#### [Aim of the task]
Below is a listing with pictures. Repeat exactly the lines starting at the one holding "Shop for attractive" and going on through the one holding "Dodaj odrobinę elegancji", and leave every picture out.
Record set Block Start
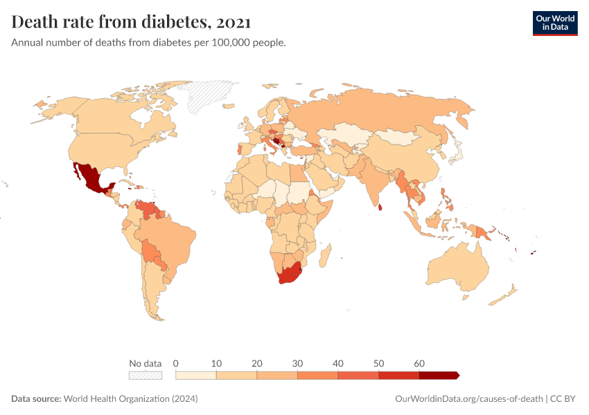 World Health Organization (2024) – with major processing by Our World in Data. “Death rate from diabetes” [dataset]. World Health Organization, “Global Health Estimates” [original data]. Retrieved February 23, 2026 from https://chart-preview-staging.owid.pages.dev:8789/20250909-093708/grapher/death-rate-from-diabetes-ghe.html (archived on September 9, 2025).
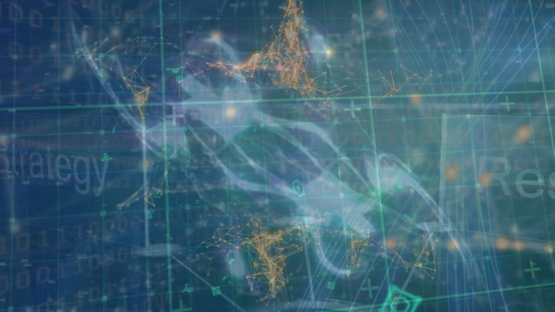 Visual representation of modern digital connections showing abstract networking concepts overlaying text about business strategies. Ideal for illustrating concepts of global communication, technology, big data, and innovative business strategies, this design can be utilized in presentations, digital media content, or technology-inspired creative projects.
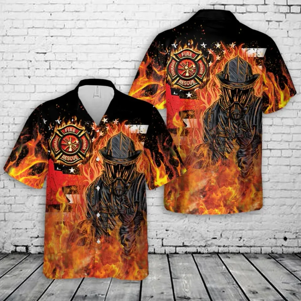 Shop for attractive Masked Firefighter Fire Rescue with Burning American Flag Hawaiian Shirt or see more Hawaiians products on https://printblur.com right now!
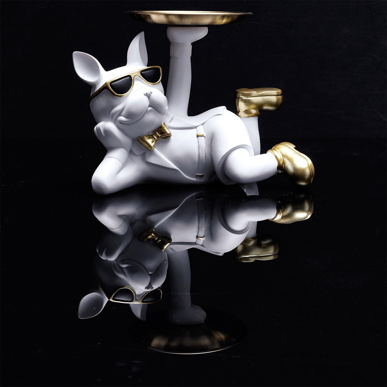Dodaj odrobinę elegancji i uroku do swojego wnętrza dzięki tej urokliwej figurce buldoga. Wykonana w białym kolorze, przedstawia buldoga w leżącej pozycji z tacy na grzbiecie, idealną na drobne akcesoria lub dekoracyjne elementy. Wyjątkowy design i staranne wykonanie sprawiają, że jest to doskonały dodatek do każdego pomieszczenia, który przyciągnie uwagę i doda charakteru. Idealna jako prezent lub do ozdoby stolika, półki czy biurka.
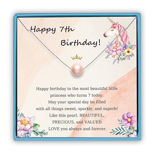 E se você pensar bem, sua princesinha completa 7 anos este ano. Ela deve saber que um dos melhores presentes que uma garota pode receber são as joias. Comece seu sétimo ano com este adorável colar de serenidade. Com uma simples pérola rosa e um bilhete especial na caixa, ela brilhará de alegria.
Record set Block End
#### [Completed task]
 Shop for attractive Masked Firefighter Fire Rescue with Burning American Flag Hawaiian Shirt or see more Hawaiians products on https://printblur.com right now!
Dodaj odrobinę elegancji i uroku do swojego wnętrza dzięki tej urokliwej figurce buldoga. Wykonana w białym kolorze, przedstawia buldoga w leżącej pozycji z tacy na grzbiecie, idealną na drobne akcesoria lub dekoracyjne elementy. Wyjątkowy design i staranne wykonanie sprawiają, że jest to doskonały dodatek do każdego pomieszczenia, który przyciągnie uwagę i doda charakteru. Idealna jako prezent lub do ozdoby stolika, półki czy biurka.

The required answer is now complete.